I'm a bit of a noobie here but that doesn't stop me from having a slight bit of an opinion (typical right?)

As much as realism, study depth, etc. are good things, VATSIM ATC (like real ATC) is ultimately a practical service with a purpose. Real ATC concluded that HPs were a good idea because they evaluated what their requirements and resources were and synthesized.

REAL ATC
Resources: Well-trained controllers, well-trained pilots, accessible dissemination methods, ramp controllers, cooperative personnel
Requirements: High traffic volume

VATSIM ATC
Resources: Amateur* controllers, amateur pilots, limited dissemination methods, no ramp controllers, sometimes non-cooperative personnel
Requirements: Low traffic volume

*No offense, I know VATSIM ATC training approaches the rigor of real world ATC training in most ways.

If you put the real FAA, airlines, airports, etc. into the "VATSIM world" in terms of resources and requirements, they would not come to the same conclusions that they have in the real world.

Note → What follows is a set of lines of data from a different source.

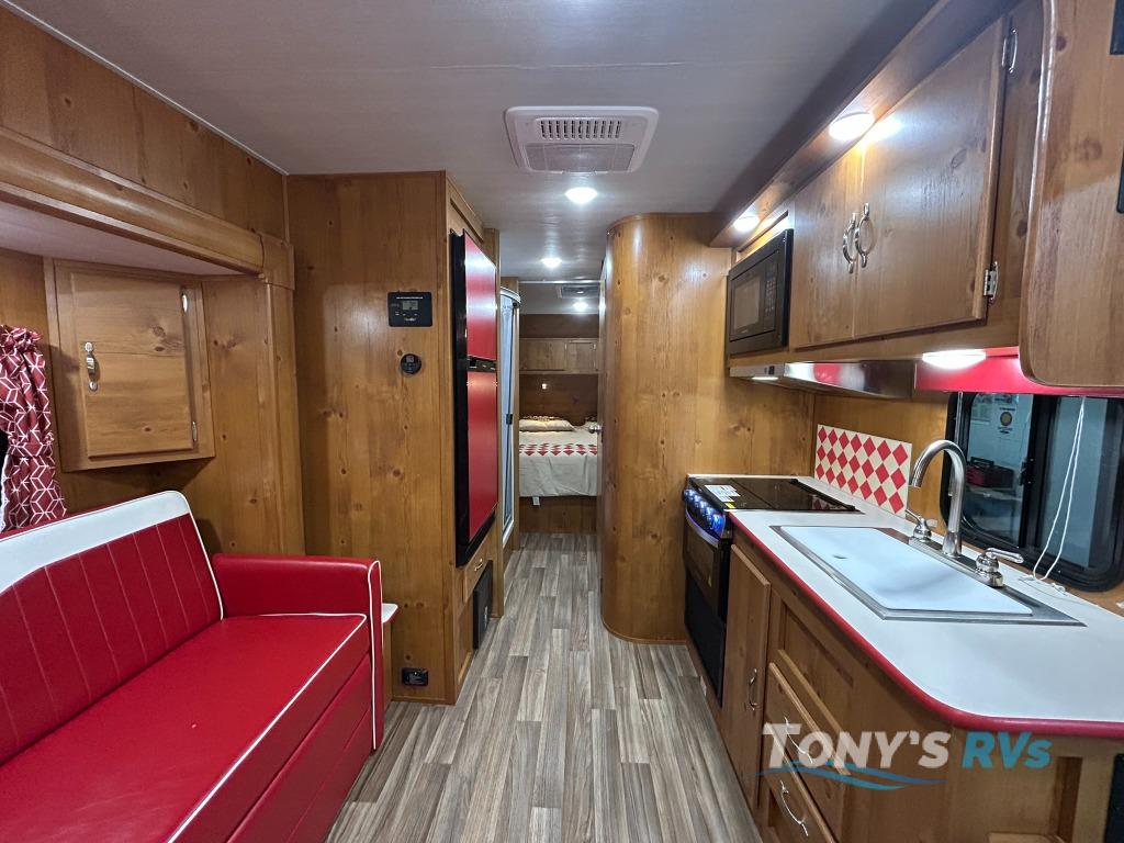 With any Vintage Cruiser by Gulf Stream you will be taken back to the fun of the 50's with vintage exterior graphics and classic interiors. Each model is constructed with a six-sided welded aluminum frame, vacuum bonded sidewalls with Azdel, and a vintage painted bumper you are sure to love. The Vintage Cruiser travel trailers include high-performance vinyl flooring, LED interior ceiling lights, a seamless tub/shower surround, and vintage flat cabinet doors to name a few comforts you'll find throughout. Some of the stand-out features found within the Vintage Package include a tankless water heater, a 100W roof-mounted solar panel with a controller, Goodyear Endurance tires, and more!
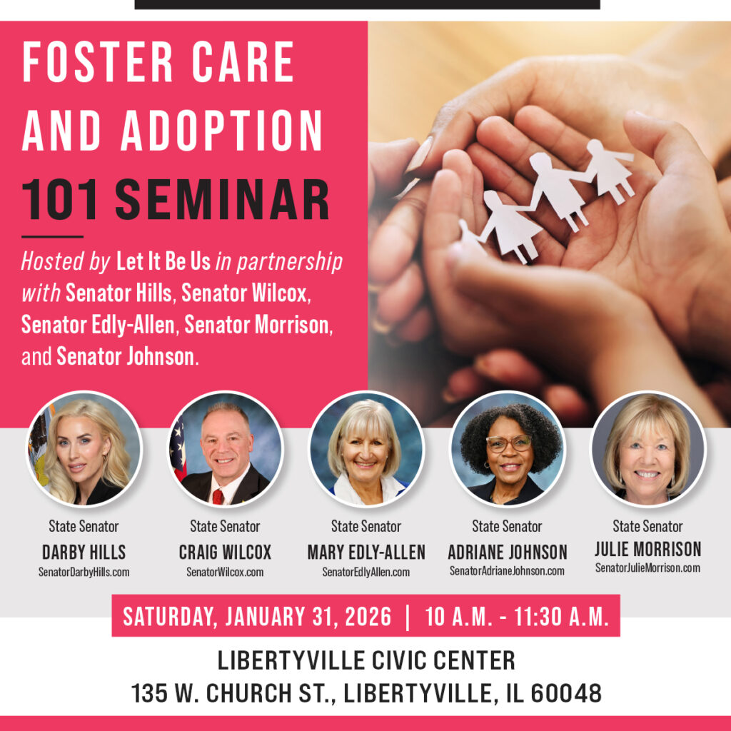 I’m proud to partner with Let It Be Us, State Senator Darby Hills, and a few other area legislators for a Foster Care and Adoption 101 Seminar that will be held on January 31st in Libertyville.
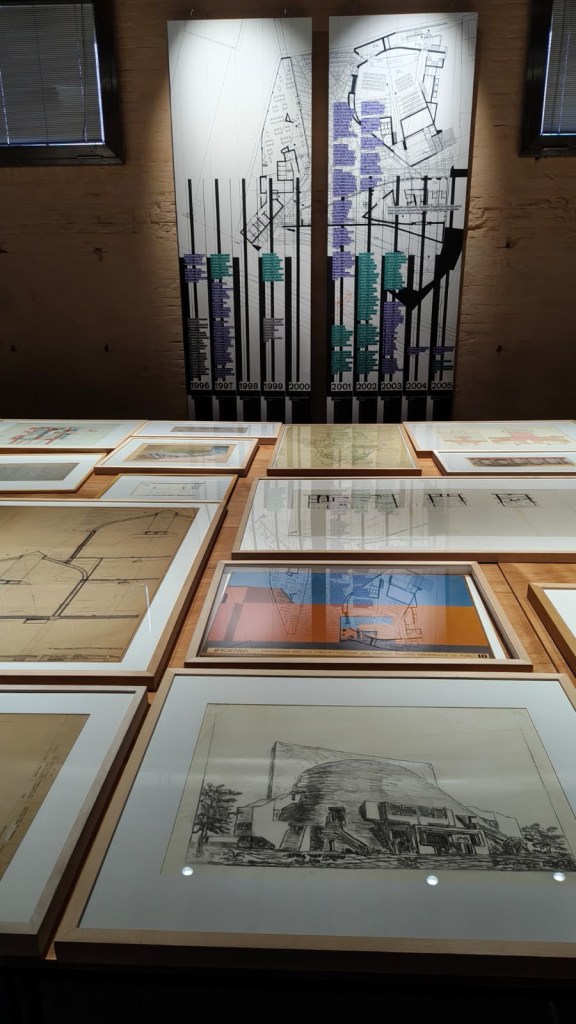 La mostra si sviluppa in quattro sale, dove su grandi tavoli sono esposti i disegni. Il corpus grafico è eterogeneo e restituisce la complessità e l’avvicendamento delle esperienze di un secolo, rivelando continuità e discontinuità nel linguaggio, nei metodi e nelle finalità del progetto: schizzi, studi urbani, diagrammi, mappe interpretative, esercizi didattici e raffigurazioni sperimentali.
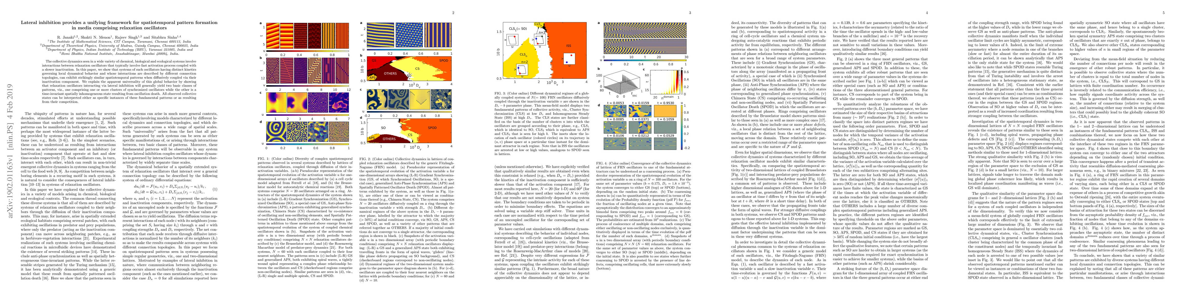 This paper demonstrates that lateral inhibition among relaxation oscillators, characterized by fast activation and slow inactivation, can unify spatiotemporal pattern formation across chemical, biological, and ecological systems. It reveals that diverse oscillators with different kinetics and connection topologies can produce similar patterns when coupled via their inactivation, leading to clusters of synchronized oscillators or oscillation death.
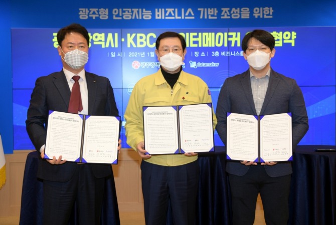 이용섭 광주광역시장이 19일 오후 시청 비즈니스룸에서 임채영 KBC 대표이사 사장, 이에녹 데이터메이커 대표이사와 광주형 인공지능 비즈니스 기반 조성을 위한 업무협약을 체결한 후 기념촬영을 하고 있다.(사진 좌로부터 임채영 KBC 대표이사 사장, 이용섭 광주광역시장, 이에녹 데이터메이커 대표이사)./광주광역시=제공
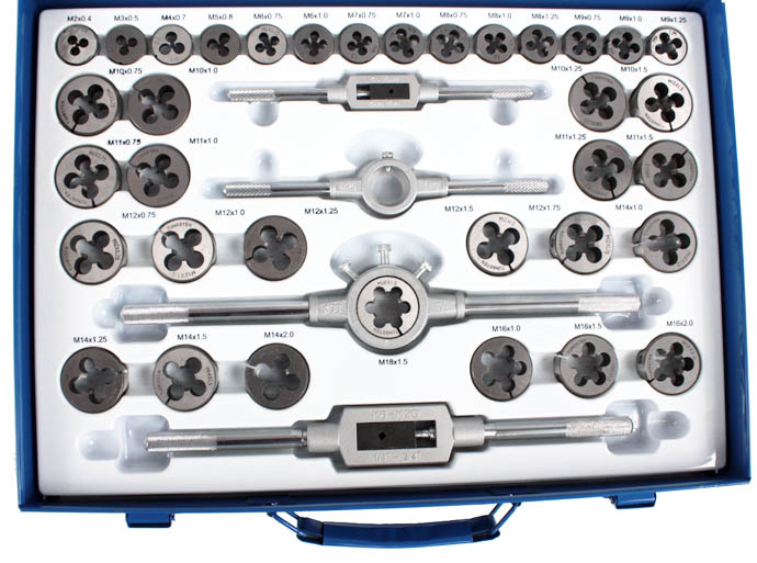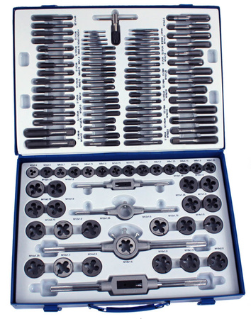 Profesjonalne gwintowniki i narzynki wykonane z doskonałego materiału. Zestaw zawiera 110 elementów. Zapakowany w wygodną walizkę, która pozawala utrzymać porządek, łatwo transportować zestaw i błyskawicznie odnaleźć potrzebny w danej chwili element.
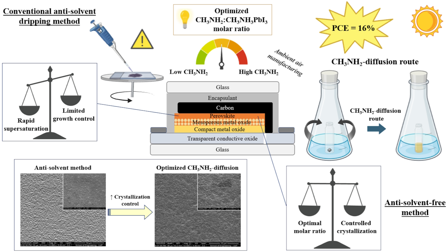 Perovskite solar cells (PSCs) have nowadays demonstrated remarkable power conversion efficiency (PCE), exceeding 27% in lab scale. However, their scalable manufacturing under ambient conditions remains a significant challenge, with anti-solvent quenching of perovskite precursor wet film to be considered an integral manufacturing step for attaining high-quality perovskite active layers. In parallel, the conventional noble-metal hole-transport-layer-based (HTL-based) architectures of perovskite photovoltaics are the main designs to enable the record efficiencies, but yet incompatible with large-scale manufacturing. As an alternative, the carbon-based HTL-free design is considered the frontrunner to the photovoltaics market, providing lower performance but significantly higher stability, cost-effectiveness and full compatibility with printing processing on an industrial level. The present work deals with the development of single-crystal-derived perovskite precursor inks and their solution chemistry optimization to attain high performance in n-i-p carbon-based HTL-free solar cells without an anti-solvent processing step. More specifically, methylamine (CH3NH2)-diffusion route is employed to engineer the perovskite precursor solution to control phase transformation of the 3D black single-crystal perovskite into a clear, yellow, viscous liquid intermediate, preserving structural coordination, avoiding full decomposition into a random ionic solution. By optimizing this intermediate-phase through systematic tuning of the CH3NH2:CH3NH3PbI3 molar ratio, the intermediate-phase chemistry, nucleation and crystallization kinetics are controlled, leading to uniform, pinhole-free perovskite films, with μm-sized grains under ambient air. To this end, ambient-air processed C-based HTL-free PSCs with PCEs up to 16% and with enhanced stability are fabricated. Notably, the unencapsulated devices show a remarkable stability under dark storage aging (ISOS-D-1 protocol conditions), surpassing the limit of 1000 h of aging without detecting any degradation in their light-to-electricity conversion efficiency. This work elucidates the fundamental role of intermediate-phase chemistry in perovskite precursor inks and establishes a robust, antisolvent-free pathway toward highly efficient and stable PSCs manufacturing under ambient conditions.
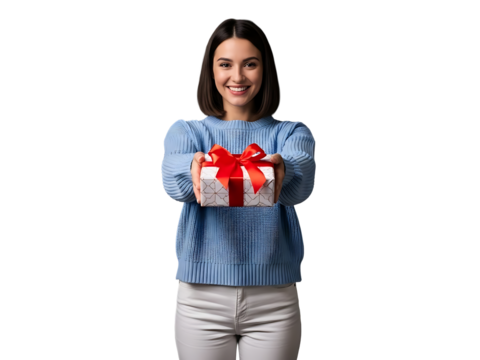 A young woman with a radiant smile and shoulder-length dark brown hair offers a beautifully wrapped gift against a black background. Dressed in a soft light blue sweater and white pants, she holds a w
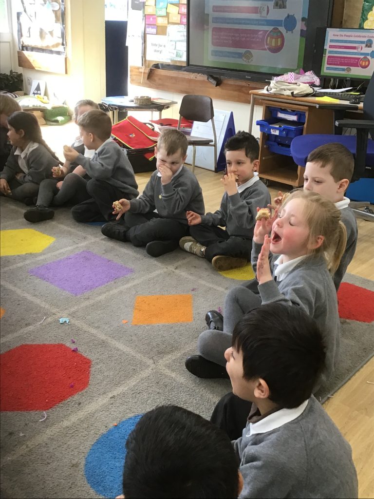 This week we have found out about why Christians celebrate Easter. (It isn’t just about the Easter bunny!) We looked at the cross on hot cross buns and how it reminds us about what happened to Jesus. We even got to eat hot cross buns too!
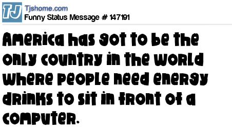 X says America has got to be the only country in the world where people need energy drinks to sit in front of a computer.
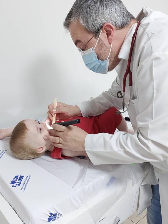 “Pude tirar todas as dúvidas com o Doutor! Aqui viemos com mais tempo e podemos esclarecer as preocupações”, conta Roselaine da Silveira, mãe do pequeno e sorridente Ravy Luca, de 01 ano. Em consulta de retorno, a mãe relata a tranquilidade obtida após o acompanhamento no Ambulatório.
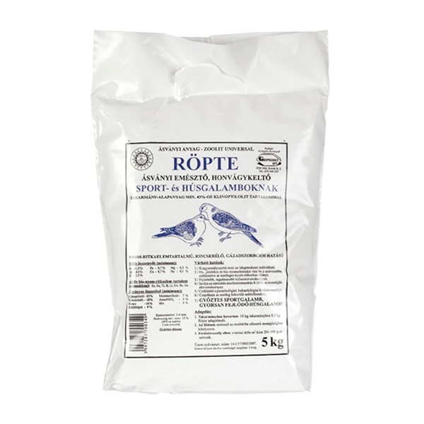 A Röpte egy takarmány-alapanyag sport- és húsgalamboknak. Nyomelem tartalmú, ioncserélő és szorpciós
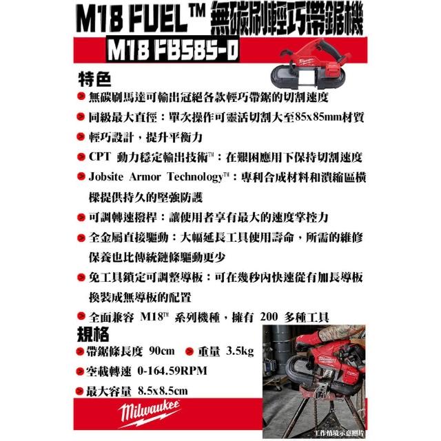 Milwaukee 美沃奇台北益昌 美沃奇 米沃奇 18V 鋰電 無碳刷 輕型 帶鋸機 M18 FBS85 M18FBS85 原廠公司貨 單5.0電池版
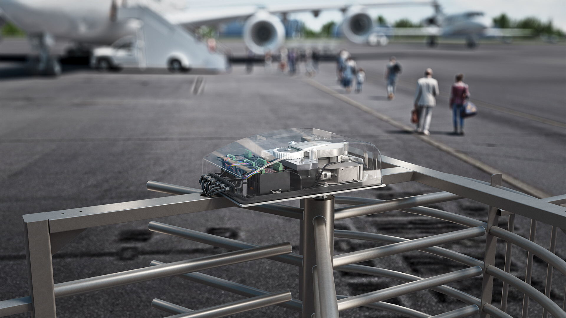 With the TURNITEC base mechanism you can bi-directionally operate your turnstile free-turning. This 3-arm (120°) mechanism can be modular expanded with the mechanical and electromechanical locking modules and a hydraulic damper to further finetune the access control and usability of your turnstile.

The cost-benefit ratio is out of whack. The fundamentals of ground control probably best serve the situation while remaining emotionally satisfying to VATSIM's mission.

The best way to implement HPs (I think, at least initially) is to make agreements with select VAs who promise to ensure their pilots are HP certified. Only "Class 1" VAs, and their  pilots, as shown in the flight plan comments, would be able to be given such hold points. Similarly only select airports should require higher-than-standard knowledge from their controllers for HP ops. OAK_GND might not be a HP ops position while SFO_GND is.

2
The Control Room Floor / "Position And Hold" Change Expected Soon
« on: August 05, 2010, 01:11:40 AM »
The thing about radio phraseology is that it's very keyword (proword) based. Prowords best when you have a small dictionary and very set reactions associated with each proword.

"Hold" as in "Hold short" "land and hold short" "holding pattern" are already well-established concepts that use a very consistent definition. "Position and hold" is likewise consistent with the other uses of the word "hold." It would be unnecessarily expanding the dictionary to describe a very "hold-like" concept to use "wait" as the keyword. Unless it is their express intent to differentiate the "line up and wait" command from the "hold short runway X-Y" command, as in, there has been a problem with those being mixed up, then it is a poor idea to dilute the proword dictionary.

If you're really going to go through all the effort to change something in aviation, do it because it's a good idea in its own right, not because "those guys do it over there."